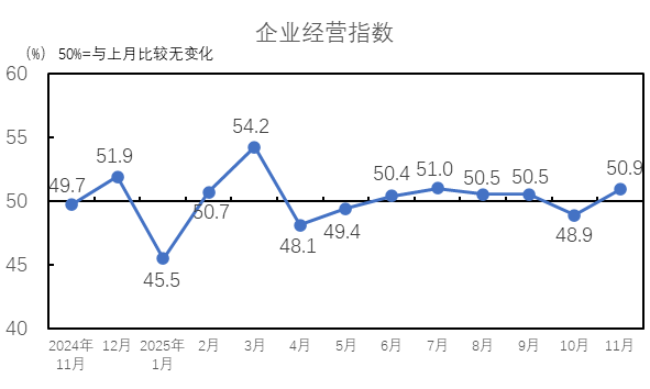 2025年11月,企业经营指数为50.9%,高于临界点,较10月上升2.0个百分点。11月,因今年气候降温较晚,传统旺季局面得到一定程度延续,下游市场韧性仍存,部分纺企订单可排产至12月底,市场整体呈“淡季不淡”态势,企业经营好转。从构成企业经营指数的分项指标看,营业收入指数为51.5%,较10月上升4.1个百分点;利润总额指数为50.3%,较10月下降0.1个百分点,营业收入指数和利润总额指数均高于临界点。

####################

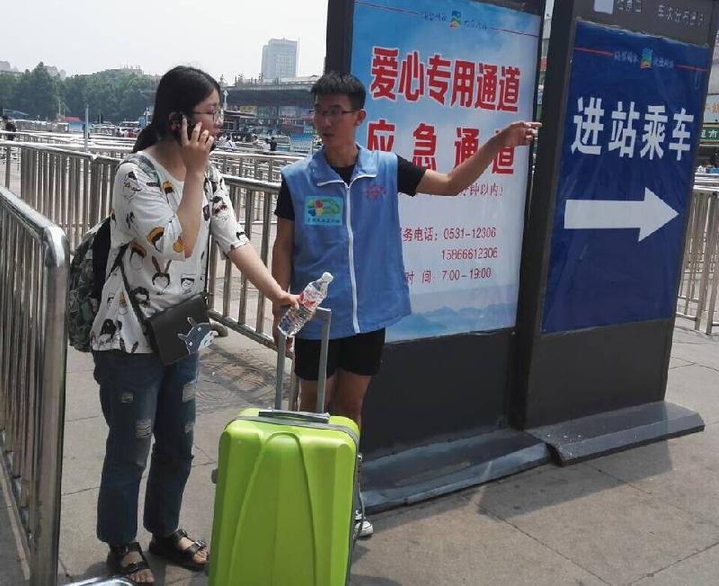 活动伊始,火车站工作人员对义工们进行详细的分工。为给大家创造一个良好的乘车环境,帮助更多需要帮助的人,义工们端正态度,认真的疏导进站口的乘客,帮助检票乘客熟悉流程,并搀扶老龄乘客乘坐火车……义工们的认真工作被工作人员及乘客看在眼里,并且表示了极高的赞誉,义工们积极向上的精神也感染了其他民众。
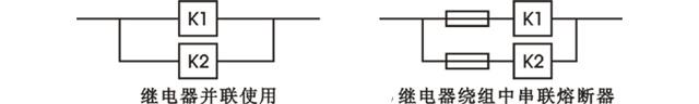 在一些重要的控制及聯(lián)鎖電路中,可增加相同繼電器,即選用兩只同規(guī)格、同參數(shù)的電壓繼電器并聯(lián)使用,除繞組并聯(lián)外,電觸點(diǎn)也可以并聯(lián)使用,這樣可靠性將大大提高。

####################

— WORK TASK —
All pictures are to be skipped. Output, word for word, the lines in the data above starting at the line containing "活动伊始,火车站工作人员对义" and ending at the line containing "在一些重要的控制及聯(liá".

— EXERCISE OUTPUT —
 活动伊始,火车站工作人员对义工们进行详细的分工。为给大家创造一个良好的乘车环境,帮助更多需要帮助的人,义工们端正态度,认真的疏导进站口的乘客,帮助检票乘客熟悉流程,并搀扶老龄乘客乘坐火车……义工们的认真工作被工作人员及乘客看在眼里,并且表示了极高的赞誉,义工们积极向上的精神也感染了其他民众。
 在一些重要的控制及聯(lián)鎖電路中,可增加相同繼電器,即選用兩只同規(guī)格、同參數(shù)的電壓繼電器并聯(lián)使用,除繞組并聯(lián)外,電觸點(diǎn)也可以并聯(lián)使用,這樣可靠性將大大提高。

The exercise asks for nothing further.